MacDaniel went on to state that the reason those people were left outside was due to fire and building codes, and that unfortunately the city had not set up anything outside for those residents to see what was taking place in the proceedings inside.
“You might want to consider maybe postponing this in a larger venue,” Spencer said.
When told by MacDaniel that the meeting would continue taking place, Spencer went on to question whether the APC was not allowing those residents attending the meeting – specifically those in the hallway and on the sidewalk – to participate in a public hearing.
MacDaniel said that wasn’t the case and then left it to the members of the APC to decide whether to table the hearing or not.
“You may want to consider that,” Spencer said. “There’s a lot of people complaining that they don’t even have access to even being in the building.”
It didn’t take long for one APC member, Gabe Nobbe, to make a motion to table the hearing to a different date and bigger venue, which brought cheers and applause from crowd predominantly consisting of opponents to the wind farm project.
That motion was seconded by APC member Carl Hylton, followed by brief discussion among the APC.
One APC member who initially was not in favor of tabling the hearing was Fayette County Commissioner Leota King.
“I don’t think it’s necessary,” King said, learning that the meeting was being broadcast live on Connersville TV3. “If they can find a location where there’s a television set, someplace in the area …”
That comment drew some boos from the crowd.
“This is a public meeting and you’re saying the public’s not welcome?” another unidentified audience member asked King. “Is that what you’re saying?”
“That’s not what I’m saying. I’m not saying that at all,” she replied.
Nobbe then explained his motion, more in detail, to table the hearing.
“I respectfully disagree,” Nobbe said. “We need to have a venue where people can at least hear (the meeting). They may have access to a TV but you don’t have that outside. I respectfully disagree. At least have a venue where everyone can participate and hear what’s going on, regardless of how our opinions fall out. I think everybody has the right to hear that.”

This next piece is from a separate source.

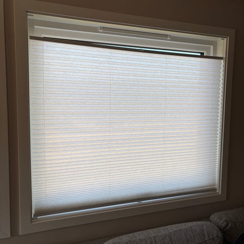 Gardinet er nesten ikke brukt, så mekanismen fungerer utmerket. Den har imidlertid vært montert på kjøkkenet, og er litt skitten/flekkete - se bilder. Mulig det kan vaskes bort på et vis, men jeg har ikke forsøkt.

CFD Fire Chief Troy Tipton then informed the APC that the meeting was coming very close to violating building and fire code.
“We’re pushing the fire code,” he told MacDaniel.
Following that, the APC took a roll call vote and voted unanimously to table the hearing until a later date and a larger venue could be found.
Both sides in the debate felt the decision by the APC was the appropriate one, given the circumstances Monday night.
“It was the right thing to do,” said Fayette County resident Larry Keller, who has served as spokesperson for the group of landowners in Posey and Fairview townships which is seeking the Whitewater Wind Farm.
That sentiment was echoed by Snyder, on behalf of the WPCC.
“I think it was appropriate,” he said. “All the people that are here are entitled to hear and understand what’s going on, instead of standing out in the street. People are beginning to understand what the issues are, and when they understand they become concerned.”
Spencer said he raised the question to the APC of postponing the meeting to a different date and venue simply because it was obvious something needed to be done.
“They only had the one TV out in the hallway, outside the council chambers,” Spencer said. “If the local leaders truly are interested in transparency and hearing the public’s input, there’s no other alternative than to allow them to participate in public meetings.”
No new date has yet to be set for the public hearing on the setback amendment, with the APC to look at procuring either the Robert E. Wise Center for the Performing Arts at Connersville High School, or the auditorium at Connersville Middle School, for the venue.